Takeshi Kitano's return to the ultra-violent world of Yakuza film has been, perhaps, misnamed by its writer-director. Outrage conjures up a sense of injustice, of a rejection of the almost normalized criminal behavior depicted in the film which sees Japanese crime syndicates flooding the streets with drugs, gambling, and of course, (this being Kitano) ample amounts of blood. "Outrage" brings to mind a sense of defiance and rejection that is absent here.

No, this movie would be more aptly titled "Disgust:" Kitano's film drips with a poisonous hate of the characters on-screen, from the thuggish foot soldiers, to the wily family boss, Chairman Sekuichi (Soichiro Kitamura), to even Kitano's mid-level enforcer Otomo. There's neither nostalgia or sympathy for any kind of imaginary criminal code: loyalties are inevitably overruled by profit, oaths and bonds are only worth the breaths it took to make them (and last about as long).

Tracing what seemed to be a few months' span in the life of a fairly prosperous clan, Outrage shows us what happens when criminals are allowed to do what they are inclined to do: lie, cheat, steal, and kill, and not only are the cops helpless, they're more often than not complicit.

The trouble all starts when the Chairman tasks underling Boss Ikemoto (crime flick regular Jun Kunimura) to break ties with the latter's blood brother, Murase (Renji Ishibashi), whose expanding territory is dirtying things up with its drug business. Of course, Ikemoto has been splitting the drug take with Murase, but to keep up appearances, he still has Otomo (Kitano) stir things up with Murase's gang. One thing leads to another and it's all-out war with Murase's gang, with the Chairman and Ikemoto at the top claiming that it's just underlings getting out of control, while prodding them to force Murase out.

At this point, you would assume that Otomo's character would be the bastion of Yakuza honor, holding some kind of imaginary moral line. We've seen it to an extent in the brilliant Sonatine and the mostly shaggy Brother, both by Kitano. But whereas both of those films portrayed Kitano's characters as--well, if not lovable, then likeable--criminal heroes, Outrage shows the Yakuza mid-level boss for what he is: a pimp, a bully, a blackmailer, and a killer.
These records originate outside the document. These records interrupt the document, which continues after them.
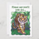 Animal Parade Cute Tiger Personalised Birthday Invitations, Cards, Gifts, Party Favours and much more are for the fun side of you with our original art of a whimsical tiger standing in the standing in a shady green jungle with a yellow, green textured sky a playful wavy dark green border. Painted by our talented children's artist, Traci Van Wagoner, our fun wild animal themed party gear is perfect for tiger lovers of all ages. On many of our whimsical wild animal party gear, you’ll see the cute Bengal tiger coming and going with this fun artwork of the cute tiger's head on the front and the silly tiger's tail on the back. Join the Animal Parade and throw your kid an animal-filled bash with our fun heads and tails tiger themed birthday party gear. To kickstart your party, send all your child’s friends an invitation they can’t refuse. Have a wonderful time! Roar!
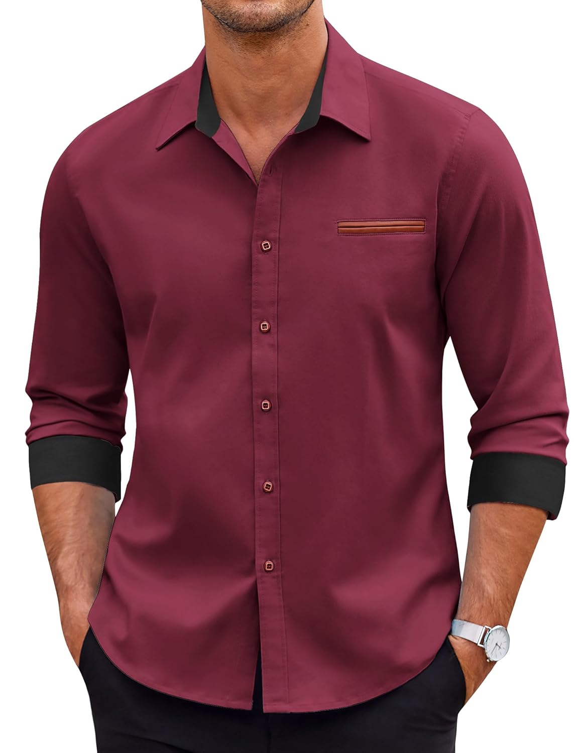 - TRENDY DESIGN — Turn down collar, inner contrast design shirts/ solid color shirts / long sleeve button dress shirt for fashion men
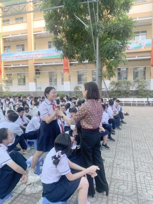 Đến tham dự có Thạc sĩ Trần Thị Hồng – Phó Trưởng Phòng khám Sức khỏe sinh sản – Kế hoạch hóa gia đình, Chi cục DS-KHHGĐ Thành phố đã cung cấp những kiến thức bổ ích về chăm sóc sức khỏe sức khỏe sinh sản vị thành niên, dinh dưỡng học đường, kiến thức về bạo lực học đường và xâm hại tình dục trẻ em, an toàn tình dục, phòng tránh mang thai ngoài ý muốn…
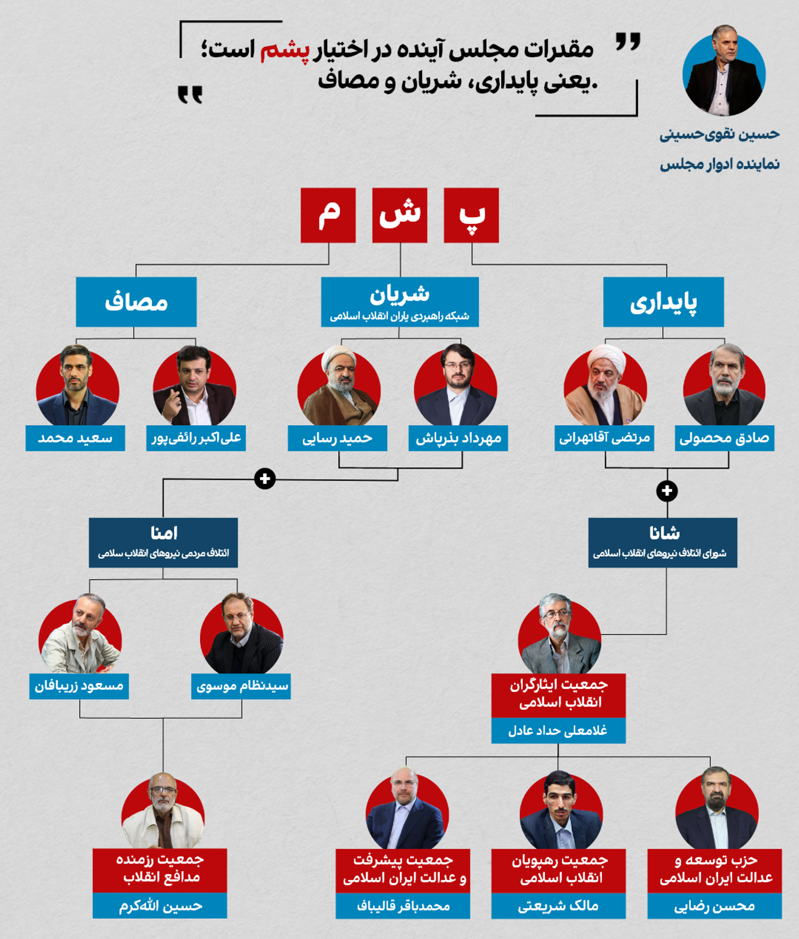 در روزهای پایانی فروردینماه ۱۴۰۳، حسین نقویحسینی، نماینده ادوار مجلس، درباره ترکیب مجلس دوازدهم گفت: «از نگاه بنده مقدرات مجلس آینده در اختیار پشم است یعنی پایداری، شریان و مصاف که این اصطلاح، توضیح مختصر و مفید این سه کلمه است.»
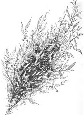 "The sago-tree belongs to the palm family; it is thicker and larger than the cocoa-palm, but not so tall, and its leaves are very large and long. The stem of the leaf is twelve or fifteen feet long, and six inches in diameter at the butt, and is used for a great many purposes. Whole houses are built of these stems, from the framework to the thatch-poles and flooring, and they never shrink or bend, or require any paint or varnish. The leaf forms an admirable thatch, and the trunk of the tree is the food of many thousands of people.
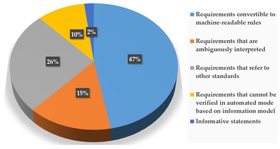 The provisions of the standard were passed through an algorithm to form appropriate machine-readable rules based on them. As a result, 356 statements were received, which were divided into five groups (Figure 7).
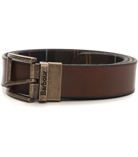 Cintura in pelle, reversibile, disegno tartan, fibbia bronzata, effetto vintage, logata, composizione: 100% pelle, 65% poliestere, 35% cotone, linea: BARBOUR. ...
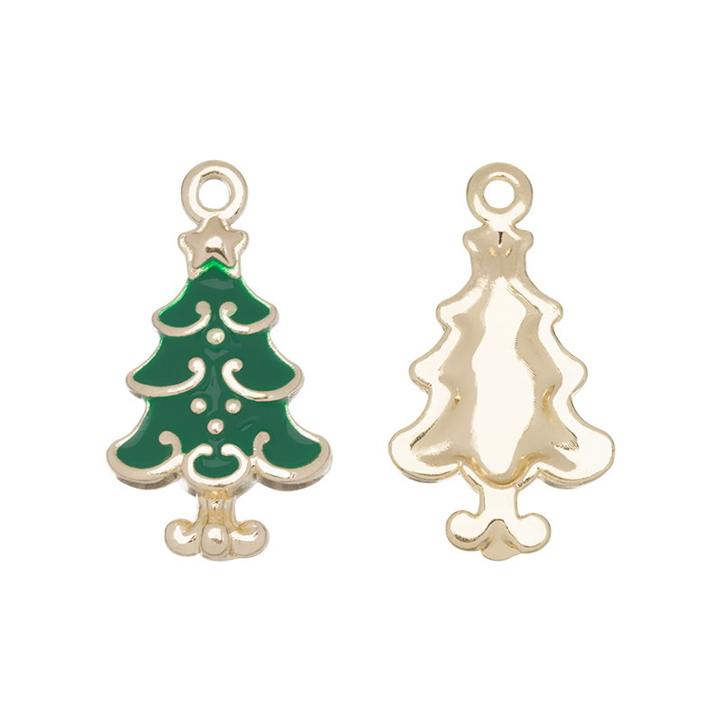 Фурнитура для бижутерии — подвеска с эмалью в форме новогодней елки.
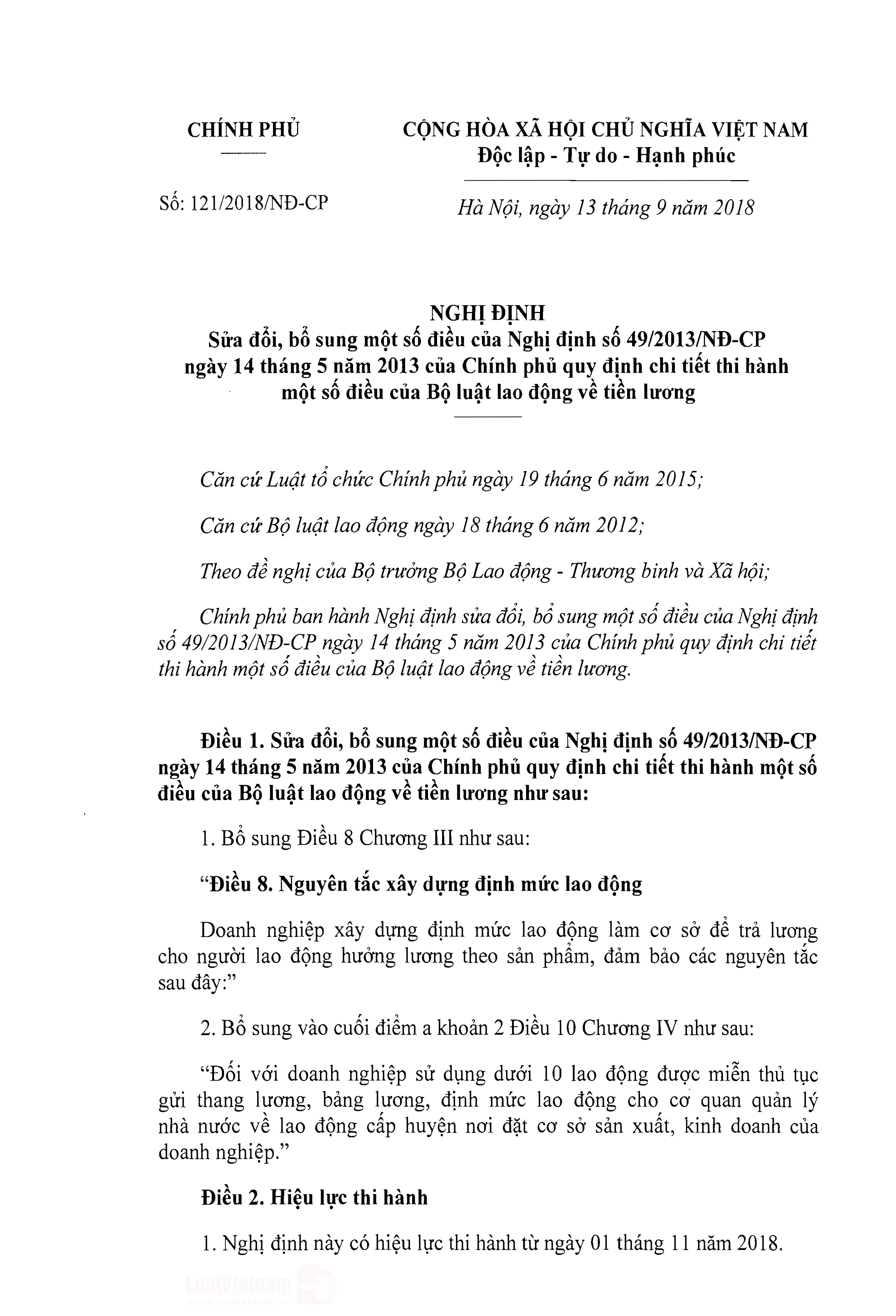 NĐ 121/2018/NĐ-CP SỬA BỔ SUNG NĐ 49/2013/NĐ-CP VỀ TIỀN LƯƠNG
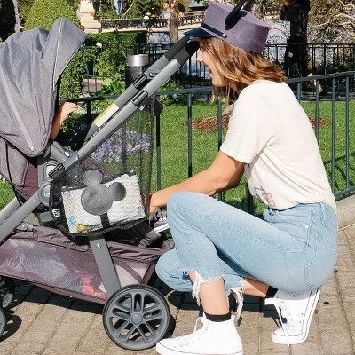The Disney Baby Side Sling Stroller Cargo Net by J.L. Childress is about to be your (and your stroller’s) best friend. This multi-functional design can be used on either or both sides of almost any stroller. It adds easy-access storage for toys, sweatshirts, snacks, drinks and more! It features a wide elastic opening and securely attaches to your stroller’s side bar with 2 non-slip adjustable straps. Its contoured design blends with your stroller frame, and a touch of Mickey adds the magic you’ve been looking for!
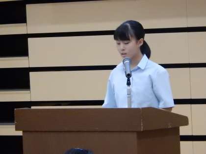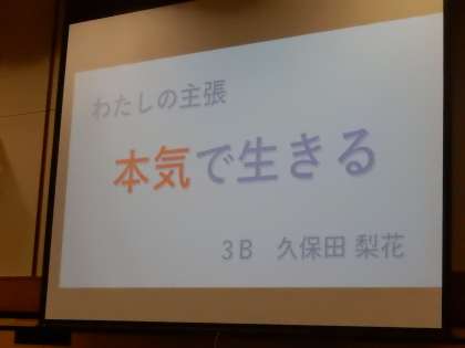 先週金曜日、「わたしの主張大会」に出場する久保田さんが、大会を前に全校に向け発表を行いました。

It should probably come as no surprise then that the relentless grimness of the picture makes it something less than an easy film experience. Indeed, there's not even really much in the way of a story here, simply a series of episodes where the families steadily and mercilessly chew away at each other until there's little left but bone. It's less artfully realized than many of Kitano's other films in the same genre, and there's no character to really invest oneself in throughout the viewing. They're scum, every one. But then, that's really the purpose of the movie, isn't it: to peel back the layers of myth and show them for what they are.

In that regard, the movie succeeds. Even if it's lesser Kitano, it's still a notable, watchable film for the raw disgust it's willing to put onscreen.